> Aim of the task: The expected output is every line of the data exactly as shown, minus the images.

[Items from a data source]
***
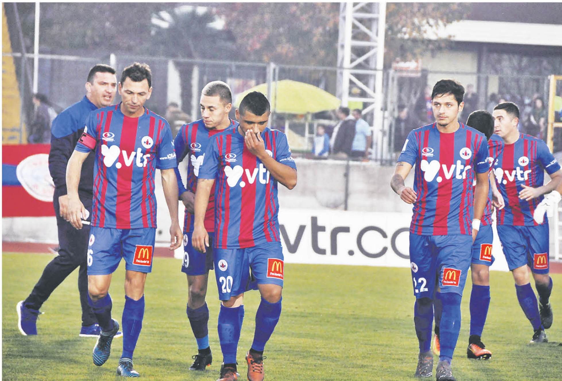
LA AZULGRANA no pudo en San Fernando y se complica en demasía. (imagen de contexto)
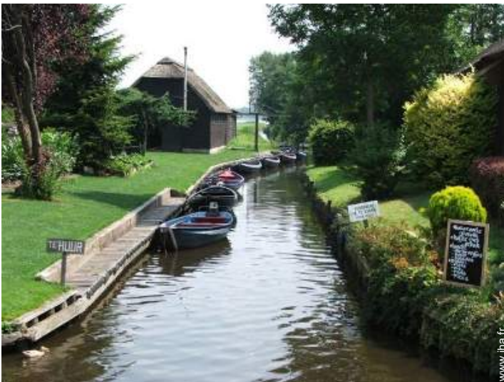
vue sur centre village
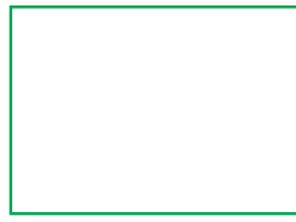
35 X 25 mm Laser
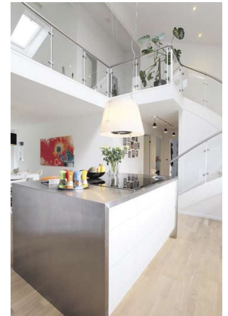
Trappen til 1. sal er med lukkede trin og partieme under gelænderet af glas af hensyn til Antons sikkerhed.
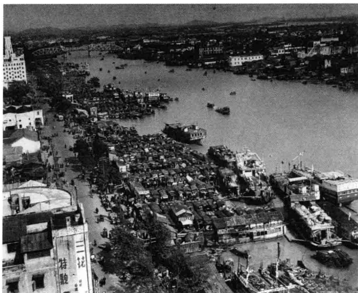
长堤南拓取直河岸线船艇云集

共达四十八万，三年无间断。所差费用，当局登报发行总额达二百万元，利息六厘的建设公债补足。公债名曰“珠江新场建设公债”，面向广大市民，分为百元、十元和五元三种，前一年半即可领取利息，三年期满全额归还本息。由于手续简单，获利甚丰，公债发行当天，市民闻讯而来，发行点人头攒动，不到一周便已售罄。市政当局为了取信于民，还登报划出沿江几块余地做公债发行保险抵押。动工初期，即已从香港购入最新型英国挖掘机，以便加快工程进度。新场填土需要大量余泥，结合疏浚珠江河道、平整市内山冈和招倒余泥，“三管齐下”得以妥善解决。一片平坦的新堤，取直原本弯曲的河道，三年后终于现身珠江北岸，呈现在市民眼前，还沿江建起了一道美观的绿化带。
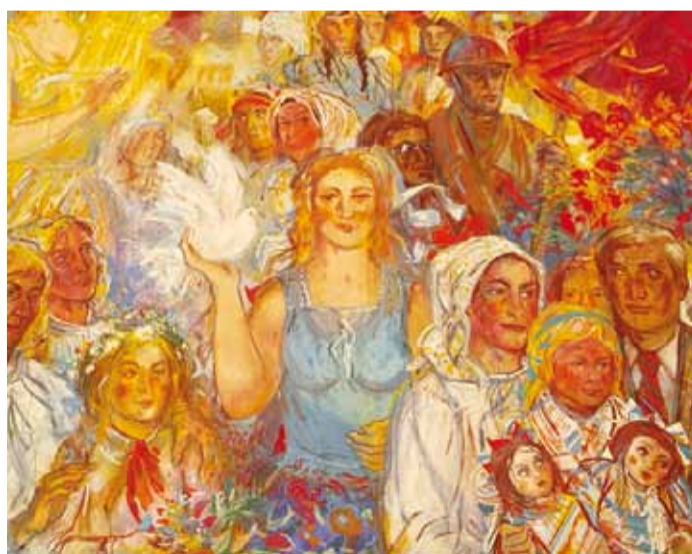
Fragment Evald Okase pannoo “Rahvaste sõprus”.

Ajaloomuuseumis on säilinud Evald Okase pannoo eskiiside mapp. See sisaldab palju hulgas ka tema vabaloomingule omaseid aktifiguure, mis aga tollase ideoloogiasekretäri otsusel kuidagi temaatilise pannoo ei sobinud. Evald Okas on paigutanud otsese ideoloogilise inventari, Nõukogude Liidu ja Eesti NSV lipud saali otsaseina, liiduvabariikide lipud ümbritsevad saaliist. Lippude hoolikalt läbimaalitud pinnad, samuti pannoo külgeintel toimuv karnevalimeeleolus figuuride dünaamiline liikumine on
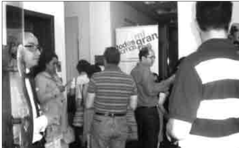
Ecuatorianos en el hall de ingreso para votar en la consulta popular.
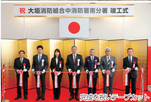
完成を祝いテープカット
***
> Result below:
LA AZULGRANA no pudo en San Fernando y se complica en demasía. (imagen de contexto)
vue sur centre village
35 X 25 mm Laser
Trappen til 1. sal er med lukkede trin og partieme under gelænderet af glas af hensyn til Antons sikkerhed.
长堤南拓取直河岸线船艇云集

共达四十八万，三年无间断。所差费用，当局登报发行总额达二百万元，利息六厘的建设公债补足。公债名曰“珠江新场建设公债”，面向广大市民，分为百元、十元和五元三种，前一年半即可领取利息，三年期满全额归还本息。由于手续简单，获利甚丰，公债发行当天，市民闻讯而来，发行点人头攒动，不到一周便已售罄。市政当局为了取信于民，还登报划出沿江几块余地做公债发行保险抵押。动工初期，即已从香港购入最新型英国挖掘机，以便加快工程进度。新场填土需要大量余泥，结合疏浚珠江河道、平整市内山冈和招倒余泥，“三管齐下”得以妥善解决。一片平坦的新堤，取直原本弯曲的河道，三年后终于现身珠江北岸，呈现在市民眼前，还沿江建起了一道美观的绿化带。
Fragment Evald Okase pannoo “Rahvaste sõprus”.

Ajaloomuuseumis on säilinud Evald Okase pannoo eskiiside mapp. See sisaldab palju hulgas ka tema vabaloomingule omaseid aktifiguure, mis aga tollase ideoloogiasekretäri otsusel kuidagi temaatilise pannoo ei sobinud. Evald Okas on paigutanud otsese ideoloogilise inventari, Nõukogude Liidu ja Eesti NSV lipud saali otsaseina, liiduvabariikide lipud ümbritsevad saaliist. Lippude hoolikalt läbimaalitud pinnad, samuti pannoo külgeintel toimuv karnevalimeeleolus figuuride dünaamiline liikumine on
Ecuatorianos en el hall de ingreso para votar en la consulta popular.
完成を祝いテープカット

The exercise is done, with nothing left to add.